Faeces collection can also be done continously by one of the following methods:

-   netting: the faeces are picked up with a net as soon as they are released

-   settling : figure 2 shows the experimental setup used at IFREMER which is derived from the disign proposed by Cho et al. (1982). A settling column is connected to the base of a cylindro-conical tank. The water flows through the column in which faecal material settles. Faeces remain in stagnant water until they are collected with a little water as possible through an opening located at the bottom of the column. The sampling, therefore does not cause any disturbance to the fish.

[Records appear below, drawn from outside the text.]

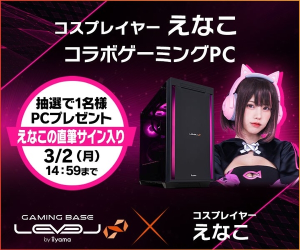 ゲーミングPC LEVEL∞、コスプレイヤー「えなこ」 バレンタインキャンペーンとして、最大5,000円分相当の還元付与 さらに、えなこのサイン入りコラボPCやサイドパネルをプレゼント
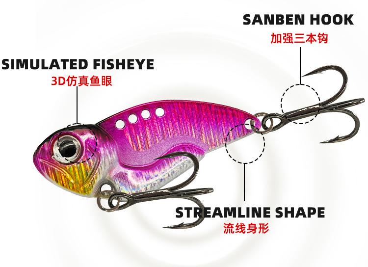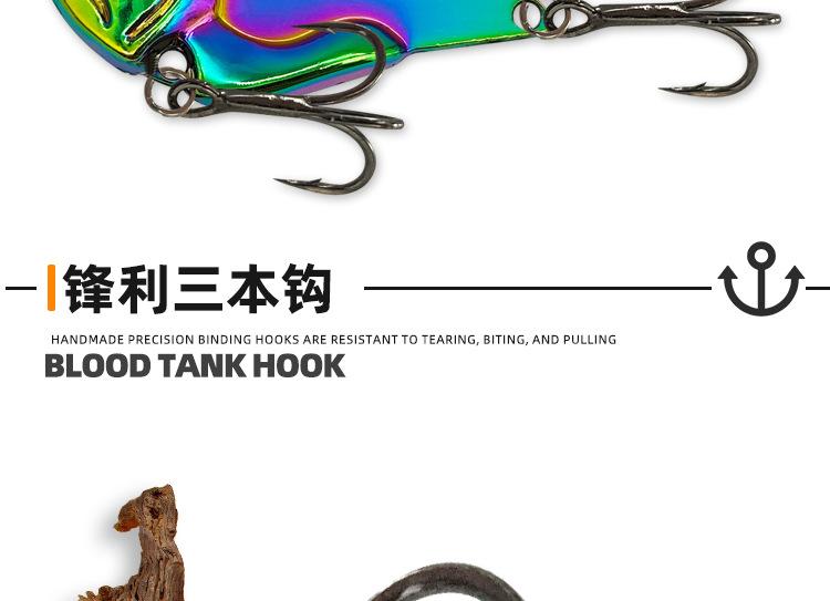 Isca de liga de zinco Doudou VIB, anzol para tanque de sangue, três anzóis ousados, 5g-14g, boca parcial de cavalo, boca armada, água doce do mar
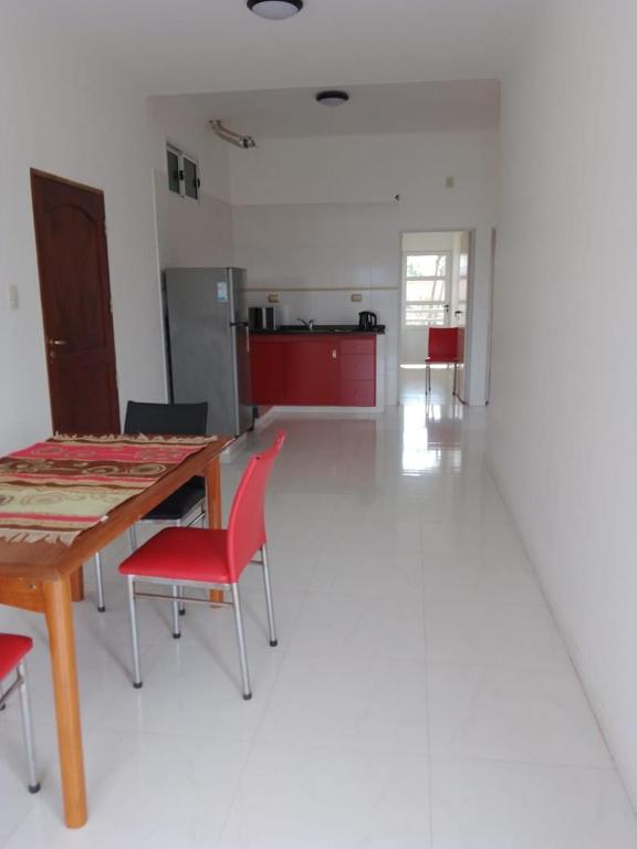 Kitchenette, Refrigerator, Microwave, Electric kettle, Kitchenware, Dining table
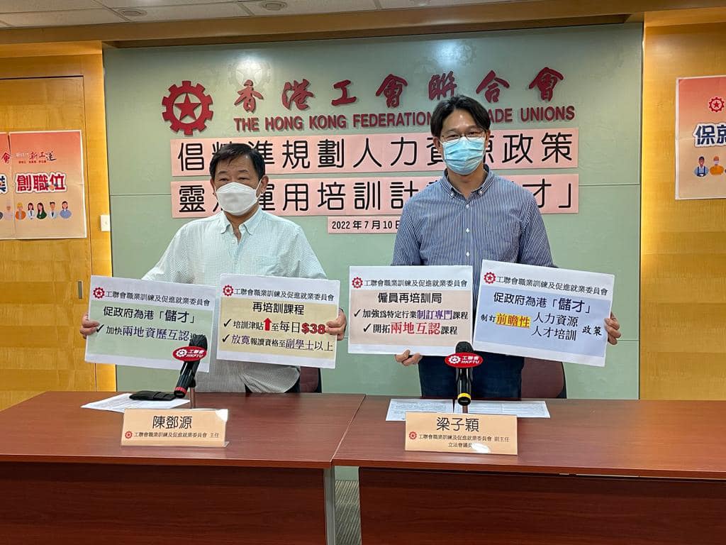 工聯會副會長、職訓就業委主任陳鄧源引述數據指,帶津貼的再培訓課程既能吸引打工仔女在工餘時自我增值,亦有助勞工轉型。而疫下高學歷人士也面對失業及轉業問題,他建議進一步優化現時恆常再培訓課程,例如將課程報讀資格放寬至副學士以上人士,並將培訓課程每日津貼提升至384元,以吸引更多人士報讀。

-   continous filtration : the aparatus, shown in fig.3, was designed by Choubert et al.(1982). The water flows through screens moving linearly, thus separating the faeces and faeces and dropping them into a collecting pan.

* Validity of the methods

The methods described above were compared using the same raw materials and sea bass coming from the same origin at IFREMER, Brest. The results are summarized in table II. This work and data available in the literature (Windell et al. 1978, Smith et al. 1980, Vens Capell, 1985) lead to table III which lists the advantage and incovenientsof the different collection methods.

There is probably no perfect method. It can be seen in table II that stripping, suction or dissection tend to underestimate protein CDA since they may be further absorbed in the posterior intestine. On the other hand, it is very difficult to avoid completely leaching from faeces naturally released into the water. Continous filtration seems to be quite efficient but the faeces must be cohesive for them not to stick on the screens. The incorporation of an undigestible binder into the diet contributes to the good physical properties of the faces but can affect digestibility. In sea bass, 4% sodium alginate improve the cohesion of the fecal material without altering protein digestibility, while 6% result in a decrease of protein DC.

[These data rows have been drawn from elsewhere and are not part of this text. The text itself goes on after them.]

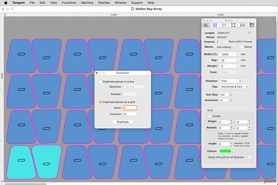 Having more than one nesting window means you can organise cut queues and fabrics the way you need. Sort patterns into colours, fabric styles, library queues. Duplicate and copy from one queue to another.
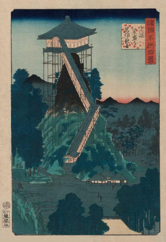 Nihon Temple on Mount Yokogiri at Boshu (Boshu nokogiriyama nihonji), 1859 White Modern Wood Framed Art Print with Double Matting by Hiroshige, Utagawa
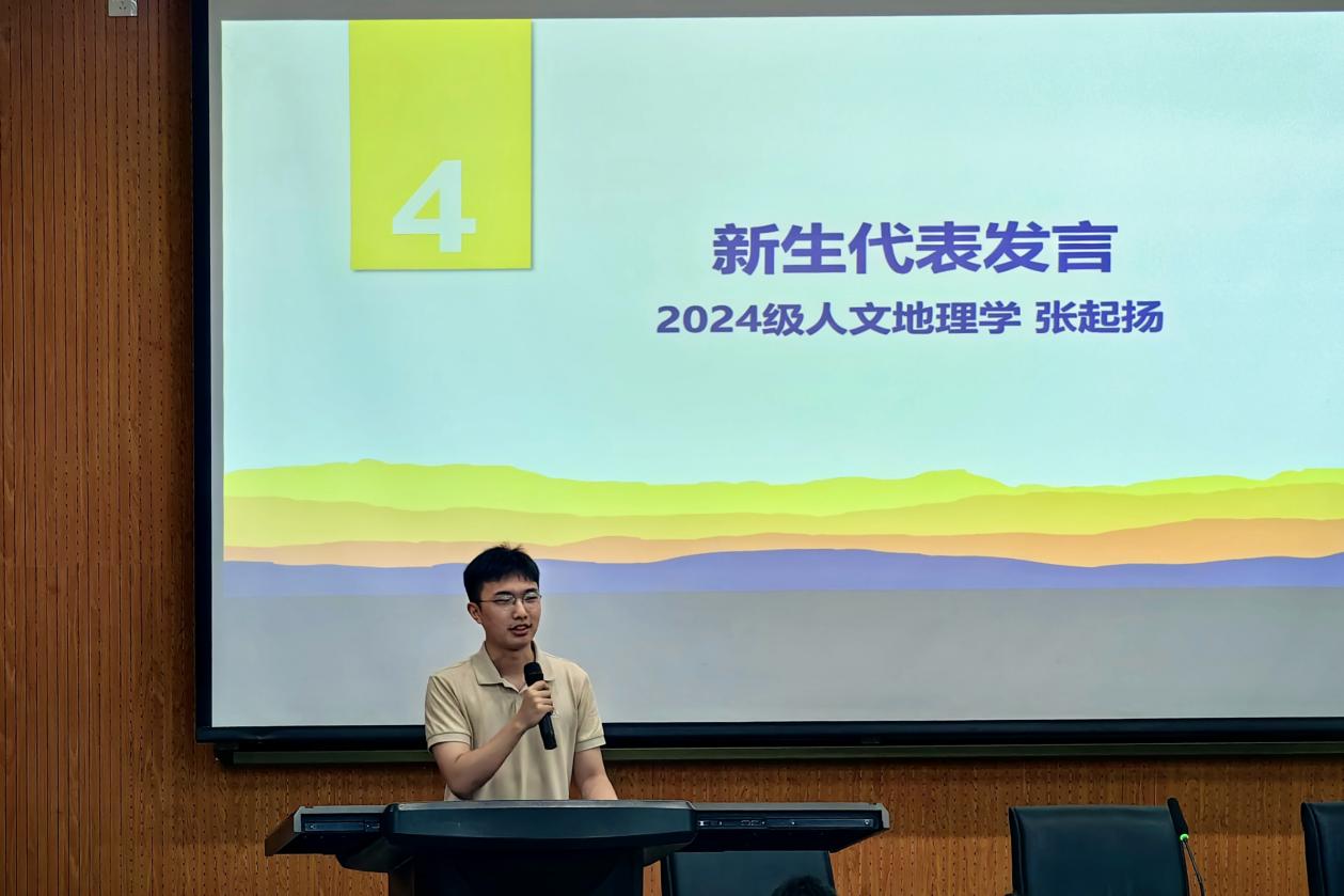 2024级人文地理学专业研究生张起扬同学作为新生代表发言。以“路虽远,行则将至;事虽难,做则必成”为主题,他分享了自己本科在太阳成集团tyc33455cc官网学习和生活的经历,并畅谈对今后研究生生涯的期待与展望,最后向全体新生同学提出了“鲜衣怒马少年时,不负韶华行且知”的倡议,希望大家站在新的起点上,面对新的挑战,勇敢地挑战自我,不懈追求卓越,在成就更好的自己中创造更好的未来。

To conclude, a method for faeces collection should be selected keeping the following ideas in mind:

-   handling of the fish must be kept to a minimum in order to reduce stress,

-   the faeces collected must be representative of physiological process,

-   leaching of soluble substance must be avoided as much as possible

3.3 Digestibility of some foodstuffs

Feed formulation by linear programming takes into accounts the fish nutritional requirements, the chemical composition of feedstuffs, their digestibility and price.

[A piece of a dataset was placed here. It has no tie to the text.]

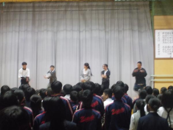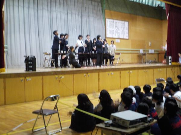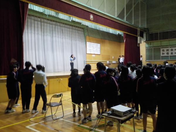 5時間目には8年生の音楽会のリハーサルが行われました。実行委員を中心に会を進めました。9年生の先生にもアドバイスを頂きました。あと1週間それぞれのクラスでの練習も熱が入ってきました。

The DCA values given for protein (table IV), lipids (table V) and carbohydrates (table VI) in various sources illustrate the effects of a few factors on nutrient digestibility and the relevance of these data in fish feed formulation.

4. KINETICS OF GASTRO-INTESTINAL EVACUATION

4.1 Definitions

Gastric evacuation time is the time taken by a meal to evacuate completely the stomach. Gastric evacuation rate represents the evacuation kinetics of the food, it is expressed in units of weight per unit of time. These two parameters can also be determined for the intestine or for the whole digestive tube. In the intestine, the evacuation rate is difficult to measure since absorption must be accounted for. Therefore gastric evacuation is the usually preferred parameter. Also it is useful to quantity gastric evacuation is studies concerning feed intake, return of appetite and digestion.

4.2 Methodology

The objective is to examine the gastric content at given time intervals. Several methods have been reviewed in detail by Talbot (1980).

1. Serial slaughter

   A group of fish is fed ad libitum and sub-samples (8 to 10 specimens minimum) are killed immediately after in order to measure consumption and at intervals thereafter. The digestive tube is dissected out and gastric and intestinal contents are removed and weighed. The fish are usually starved before and after the tested meal so that the results are not confused by additional food intake.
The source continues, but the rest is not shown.